Meine Titanic
- gaarz8
- 2. Apr. 2024
- 2 Min. Lesezeit
Folge 6
Der Bus quälte sich die Serpentinenstrecke über die Berge in Sardinien von einem Küstenort zum anderen. Ich war ins Plaudern gekommen mit meiner Platznachbarin, einer jungen Frau von Anfang dreißig. Sie kam aus Kanada, erzählte sie und hatte anscheinend schon viel von der Welt gesehen. Ich ja auch, damals Ende der 90er-Jahre. Wir lachten, freuten uns über kleine Anekdötchen, tauten immer mehr auf. Sie gefiel mir.
Aber hübsch war sie eigentlich nicht, ein langes Gesicht, eine große Nase, dunkle Ringe unter den Augen, strähnige Haare. Doch mich faszinierte ihr fröhliches Lachen. Und ihre Augen strahlten. Aus unserer Plauderei wurde immer mehr ein Flirt-Pingpong. Wir lächelten uns an. Die Zeit verging wie im Flug.
Schließlich sah ich unser Ziel näherkommen, das luxuriöse Urlaubsresort an der Costa Smeralda. Dorthin war ich als Gast eingeladen worden. Vom Beratungskonzern McKinsey, der auf Sardinien ein weltweites Jahrestreffen machte, eine Mischung aus Urlaub, Kontaktbörse – und Wissensvermittlung in dosierten Häppchen. Mein Part war, den jungdynamischen Managertypen die Sprache eines Ernest Hemingway und eines Kurt Tucholsky näher zu bringen ("Wie baue ich interessante, kurze Sätze?").
Als "Externer" wurde ich in einem Nachbarort untergebracht und fuhr jetzt zum abendlichen Gala-Diner. Meine Busnachbarin hatte das gleiche Ziel. Und gerade wollte ich all meinen Mut zusammennehmen und sie bitten, unser nettes Gespräch als Tischnachbarn auf dem abendlichen Fest fortzusetzen ... da sah sie das Eingangstor des Urlaubsresorts und stand abrupt auf: "I'm so sorry. They are waiting for me." Dann legte sie mir die Hand auf den Arm: "It was very nice to meet you." Beim Aussteigen winkte sie mir noch einmal zu: "See you".
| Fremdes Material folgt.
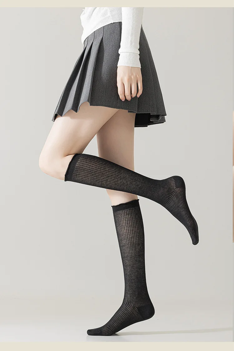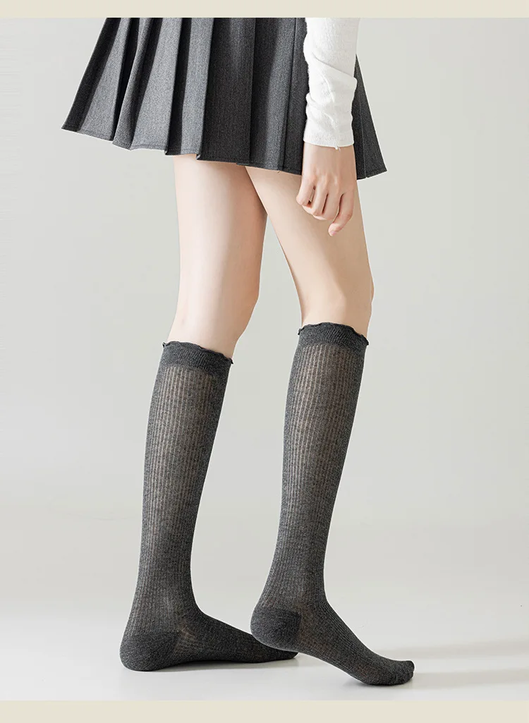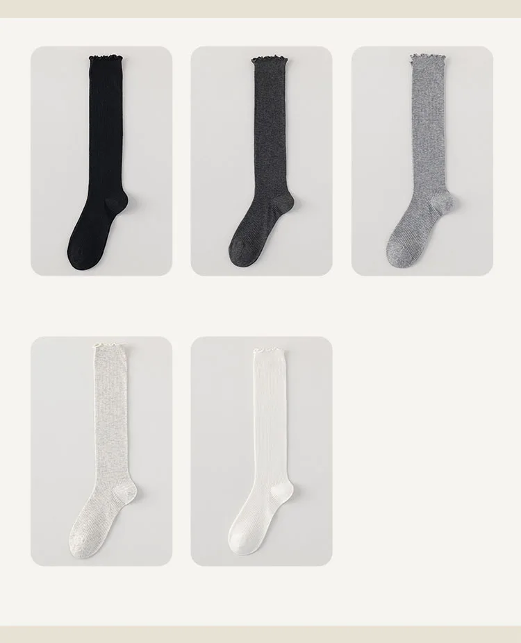 Calze da donna Calzini Primavera Estate Donna Cotone Tinta unita Bordo lattuga Roll-edge Sottile Calzino lungo casual al ginocchio
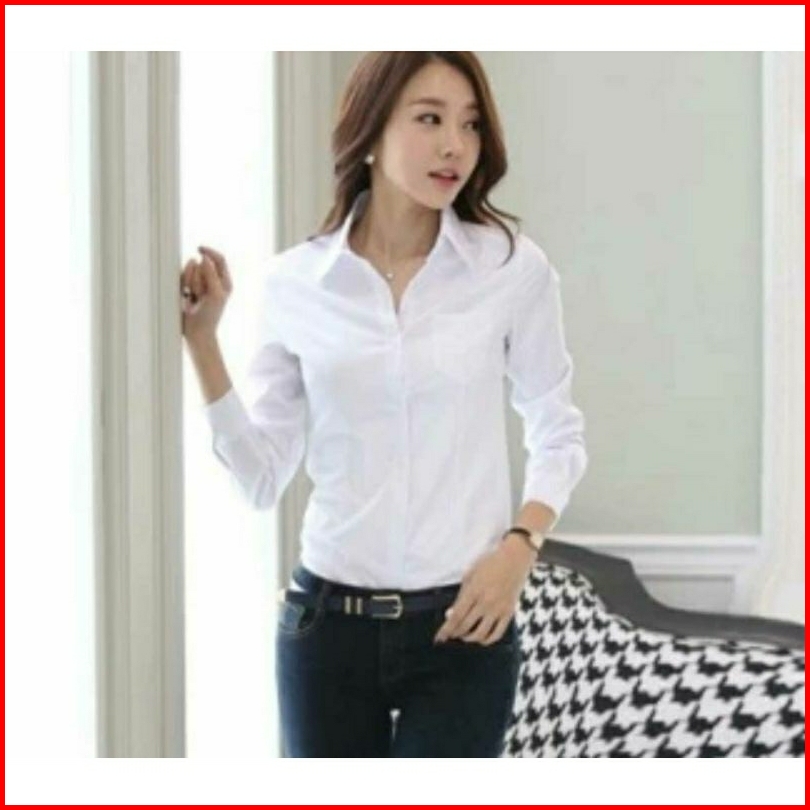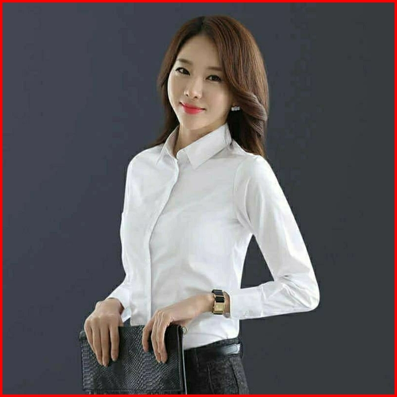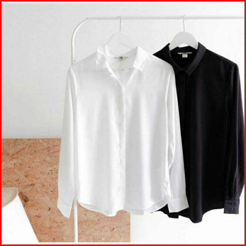Kemeja Wanita Lengan Panjang Size M L Xl Hitam Putih
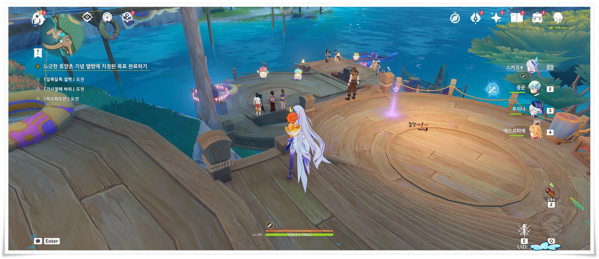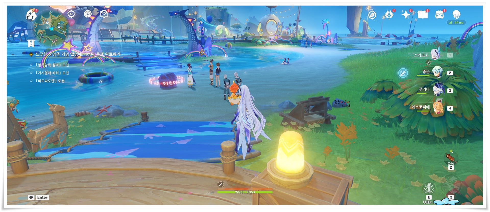 그동안 이런 저런 이유로 매일 일퀘만 하고 끄기 바빳는데 신규 맵도 업데이트 되고 여름 이벤트도 생겨서 오랜만에 원신을 좀 즐겼네요.
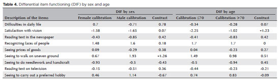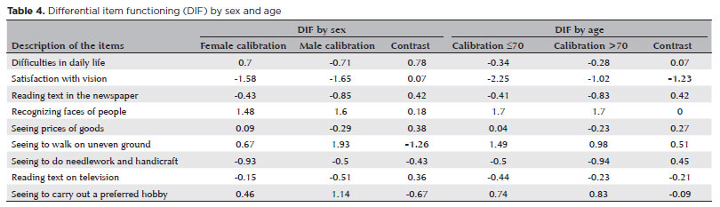 Finally, the Rasch model starts from the assumption that the behavior of an item is only a result of the level of ability (visual impairment) of the subjects who respond to it. Characteristics such as sex and age should not influence the item behavior. On the other hand, item calibration variations according to the specific characteristics of the subjects signal item differential response, also called “differential item functioning (DIF),” which impacts validity. A DIF value >1.0 logit is considered significant, indicating that the item has no stable relationship at the same level as the latent trait, when two groups are compared(8,14–16).
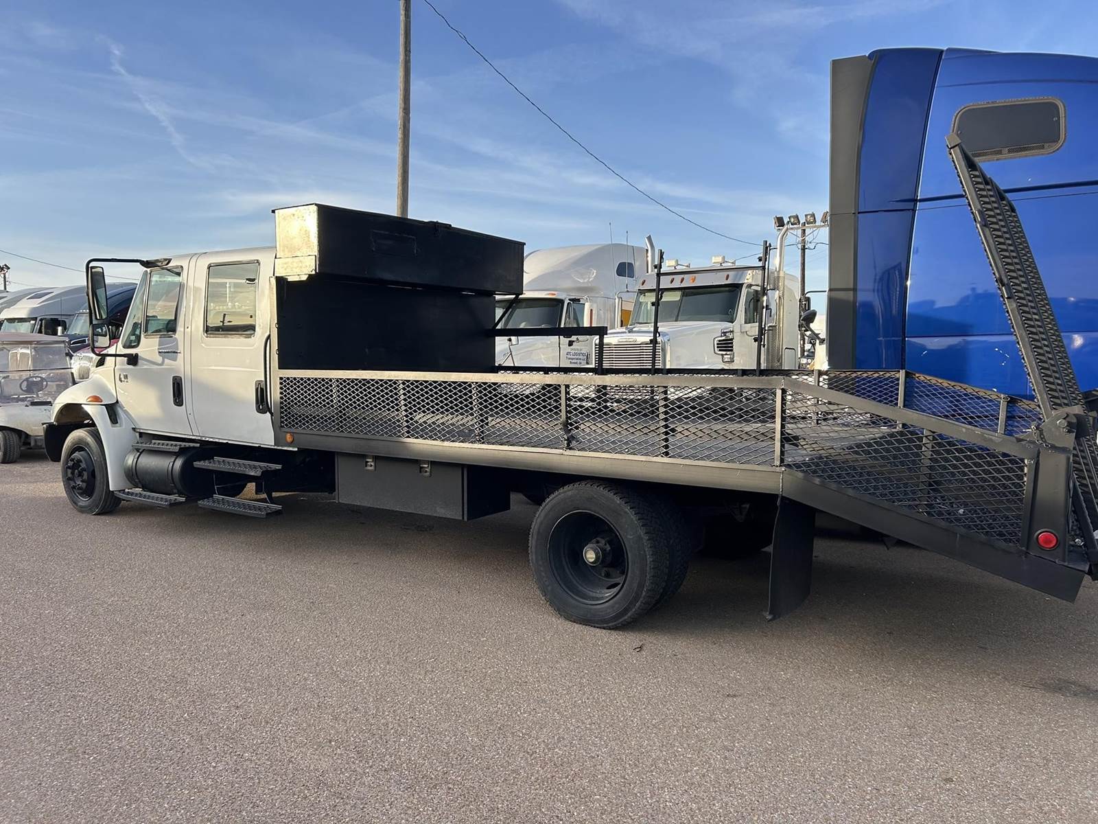 nice truck, runs great, air brakes, NICE EQUIPMENT HAULER BED, 4 ft DOVE TAIL WITH RAMPS, air seat, cruise, well maintained truck,
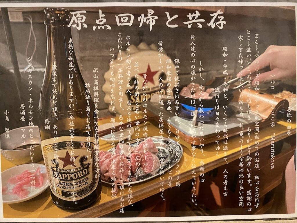 各メニューにあった「原点回帰と共存」見るからに興味がある言葉だが、トイレに行ったらそのうんちくが書かれていた。「沢山高級料理を食べてきた経験豊富な方が結局辿り着くお店でありたい」なるほど、素晴らしい肉の質と結びついた。
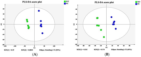Partial least squares discriminant analysis (PLS-DA) score plot: (A) ESI+; (B) ESI−.
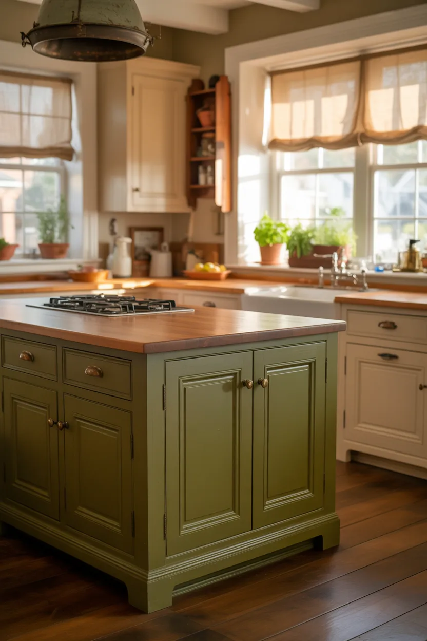 A painted island adds depth without overwhelming the room. Warm, moody shades like olive green, charcoal brown, deep navy, muted clay, or gray-green create contrast while still keeping the kitchen cozy. These colors ground the space and make the layout feel richer.
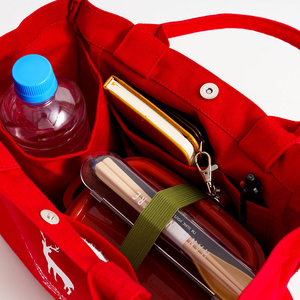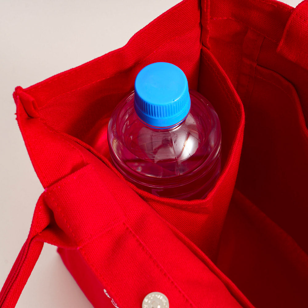 このサイズのトートには珍しい数多くのポケット。水筒やペットボトルが入るボトルホルダーはメインポケット内部に。数々のアイデアを詰め込みました。

In der Tat sah ich sie drei Stunden später erneut, nachdem ich missmutig das Gala-Diner mit wichtigtuerischen Wirtschaftsexperten als Tischnachbarn verbracht hatte. Der Höhepunkt des Abends nahte. McKinsey hatte tief in die Tasche gegriffen. In der Mitte des Areals war ein künstlicher Teich angelegt, darauf schwamm ein Teil eines riesigen Schiffswracks mit einem großen Schornstein. Und davor auf einer kleinen Bühne stand sie – eine strahlende Schönheit in einem silbernen, hautengen Seidenkleid. Aus den struppigen Haaren war eine hinreißende Langhaarfrisur geworden.
Dann setzte die Musik ein und die weltbekannte, unnachahmliche Stimme sang vor der Kinokulisse der "Titanic" ihren Welthit "My Heart Will Go On". Und ich träume noch heute davon, dass Céline Dion diese Zeilen nur für mich sang: "You are safe in my heart / And my heart will go on and on."